Despite her reputation as a fearsome performer, Williams in her personal life was deeply devoted to the welfare of animals, a passion that included a vegetarian diet, working as a wildlife rehabilitator and being a natural foods activist. In one TV talk show appearance on KPIX’s The Morning Show, she accused Debbi Fields (of “Mrs. Fields” cookies) of being “no better than a heroin pusher” for using so much processed white sugar in her products.
Wendy died of a self-inflicted gunshot wound on 6 April 1998 in a wooded area near her home. She had first attempted suicide in 1993 by hammering a knife into her chest; the knife lodged in her sternum and she changed her mind; she attempted suicide again in 1997 with an overdose of ephedrine. She was almost 49 years old.
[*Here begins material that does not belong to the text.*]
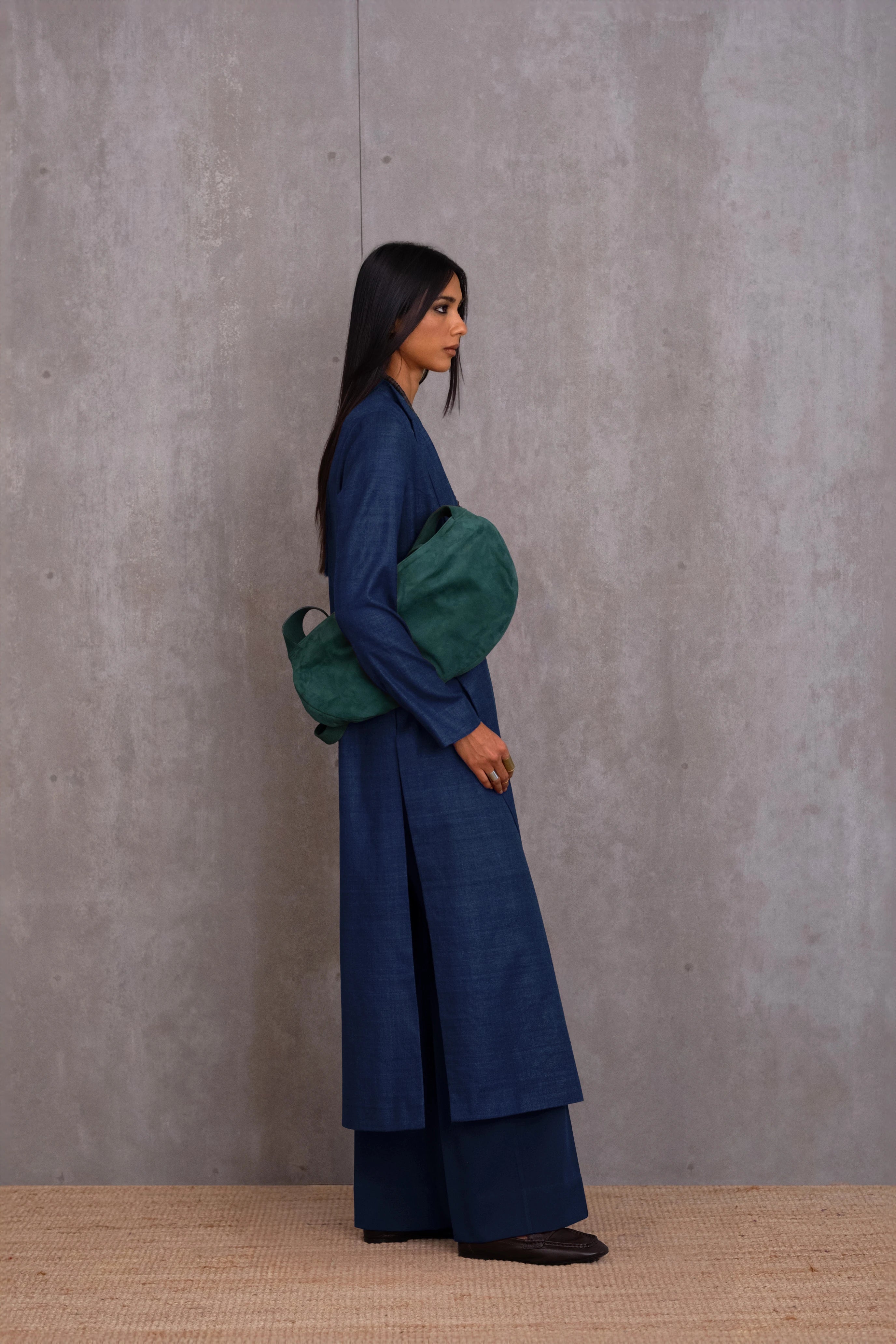 A handwoven silk jacket featuring a mandarin collar and deep side slits.

This is what she is said to have written in a suicide note regarding her decision:
“ I don’t believe that people should take their own lives without deep and thoughtful reflection over a considerable period of time. I do believe strongly, however, that the right to do so is one of the most fundamental rights that anyone in a free society should have. For me, much of the world makes no sense, but my feelings about what I am doing ring loud and clear to an inner ear and a place where there is no self, only calm.